Question

Calculate the molar mass of nitrogen gas if 0.250 g of the gas occupies 46.65 ml at stp

Answer 1

pre-1982 definition STP: 120 g/mol post-1982 definition STP: 122 g/mol The answer to this question depends upon which definition of STP you're using. The definition changed in 1982 from 273.15 K at 1 atmosphere to 273.15 K at 10000 pascals. As a result the molar volume of a gas at STP changed from 22.4 L/mol to 22.7 L/mol. So let's calculate the answer using both definitions and see if your text book is 35 years obsolete. First, determine the number of moles of gas you have. Do this by dividing the volume you have by the molar volume. So pre-1982: 0.04665 / 22.4 = 0.002082589 mol post-1982: 0.04665 / 22.7 = 0.002055066 mol Now divide the mass you have by the number of moles. pre-1982: 0.250 g / 0.002082589 mol = 120.0428725 g/mol post-1982: 0.250 g / 0.002055066 mol = 121.6505895 g/mol Finally, round to 3 significant figures: pre-1982: 120 g/mol post-1982: 122 g/mol These figures are insanely large for nitrogen gas.
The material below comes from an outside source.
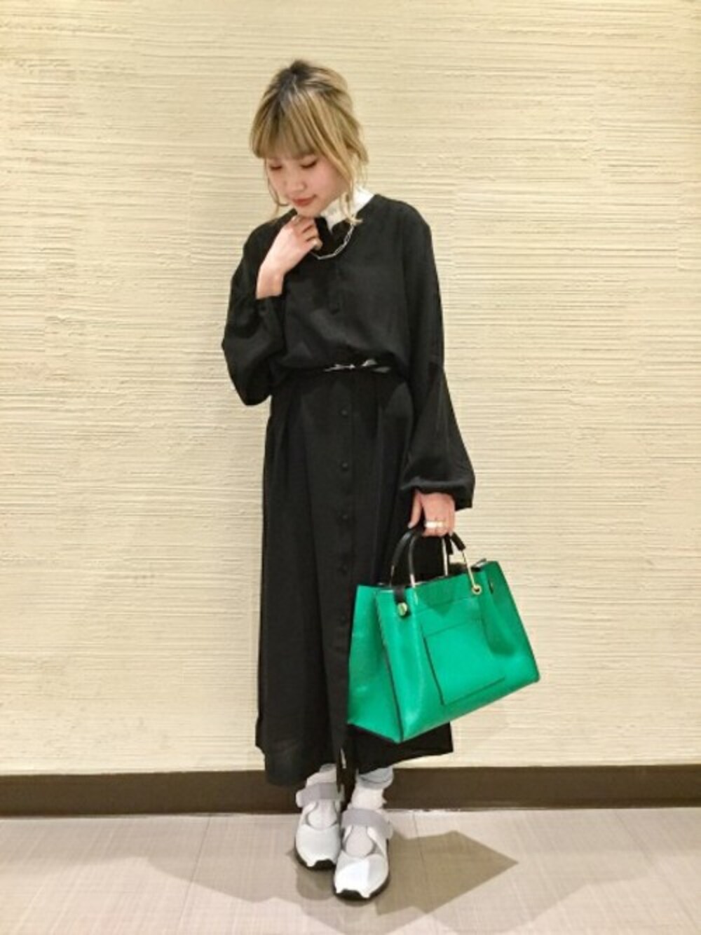シンプルなブラックワンピには ツケエリを重ねて、個性的なBAGと スニーカーをプラス! シンプルだけどオシャレに見える 簡単コーデです☆

So let's see if our input data is reasonable. Looking up the density of nitrogen gas at STP, I get a value of 1.251 grams per liter. The value of 0.250 grams in the problem would then imply a volume of about one fifth of a liter, or about 200 mL. That is over 4 times the volume given of 46.65 mL. So the verbiage in the question mentioning "nitrogen gas" is inaccurate at best. I see several possibilities. 1. The word "nitrogen" was pulled out of thin air and should be replaced with "an unknown" 2. The measurements given are incorrect and should be corrected. In any case, if #1 above is the correct reason, then you need to pick the answer based upon which definition of STP your textbook is using.